Pictures aside, repeat the listing below exactly.

- - -

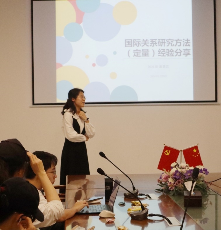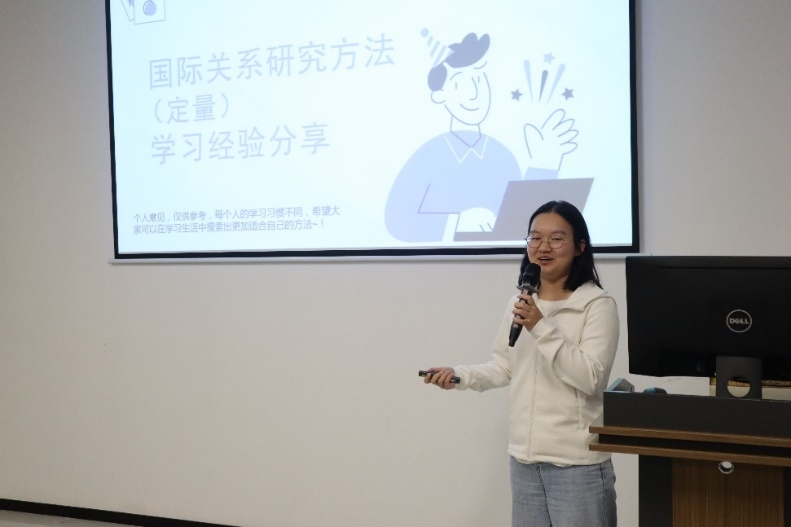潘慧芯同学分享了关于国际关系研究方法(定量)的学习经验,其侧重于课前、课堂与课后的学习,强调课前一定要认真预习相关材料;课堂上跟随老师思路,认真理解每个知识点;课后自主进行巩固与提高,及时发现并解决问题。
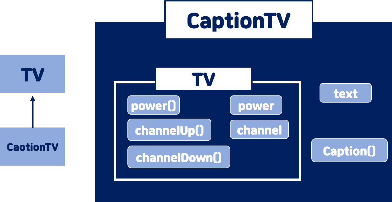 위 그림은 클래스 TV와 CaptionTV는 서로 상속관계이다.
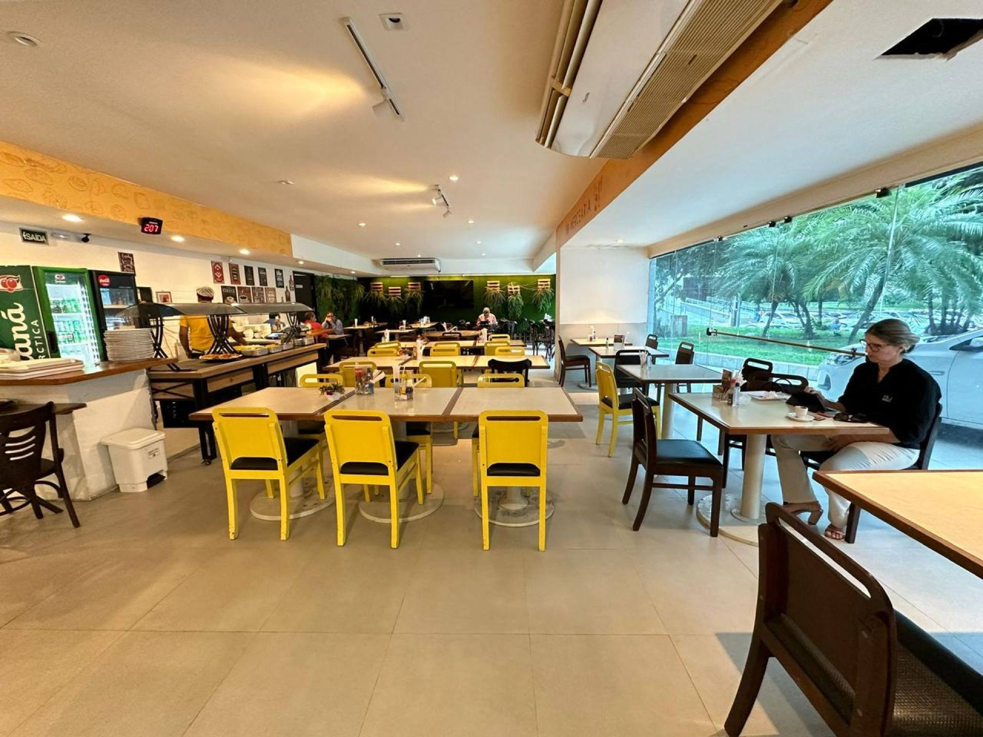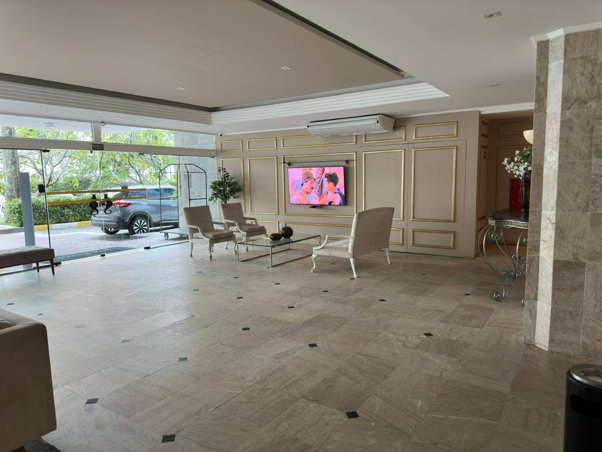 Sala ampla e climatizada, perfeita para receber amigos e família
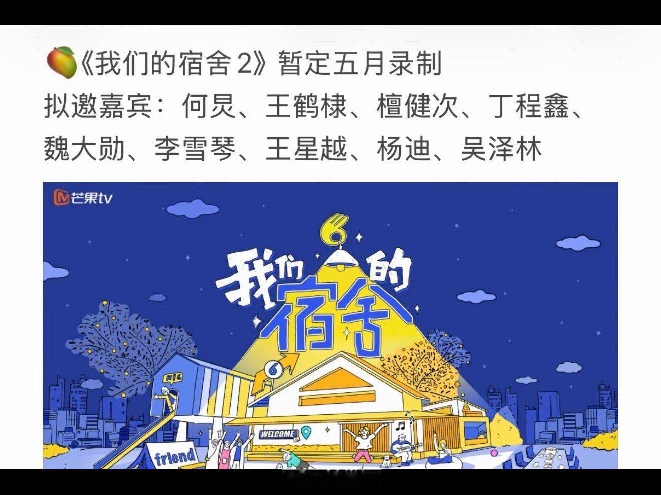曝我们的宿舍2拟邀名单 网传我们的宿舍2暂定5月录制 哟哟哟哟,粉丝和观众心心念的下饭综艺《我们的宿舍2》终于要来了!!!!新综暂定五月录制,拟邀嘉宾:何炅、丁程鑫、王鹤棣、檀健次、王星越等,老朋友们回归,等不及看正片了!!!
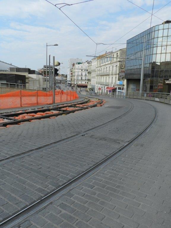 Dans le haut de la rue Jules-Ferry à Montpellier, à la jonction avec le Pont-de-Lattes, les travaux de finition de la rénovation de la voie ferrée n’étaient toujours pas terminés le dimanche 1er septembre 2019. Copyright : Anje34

- - -

=== Answer box ===
潘慧芯同学分享了关于国际关系研究方法(定量)的学习经验,其侧重于课前、课堂与课后的学习,强调课前一定要认真预习相关材料;课堂上跟随老师思路,认真理解每个知识点;课后自主进行巩固与提高,及时发现并解决问题。
 위 그림은 클래스 TV와 CaptionTV는 서로 상속관계이다.
 Sala ampla e climatizada, perfeita para receber amigos e família
曝我们的宿舍2拟邀名单 网传我们的宿舍2暂定5月录制 哟哟哟哟,粉丝和观众心心念的下饭综艺《我们的宿舍2》终于要来了!!!!新综暂定五月录制,拟邀嘉宾:何炅、丁程鑫、王鹤棣、檀健次、王星越等,老朋友们回归,等不及看正片了!!!
 Dans le haut de la rue Jules-Ferry à Montpellier, à la jonction avec le Pont-de-Lattes, les travaux de finition de la rénovation de la voie ferrée n’étaient toujours pas terminés le dimanche 1er septembre 2019. Copyright : Anje34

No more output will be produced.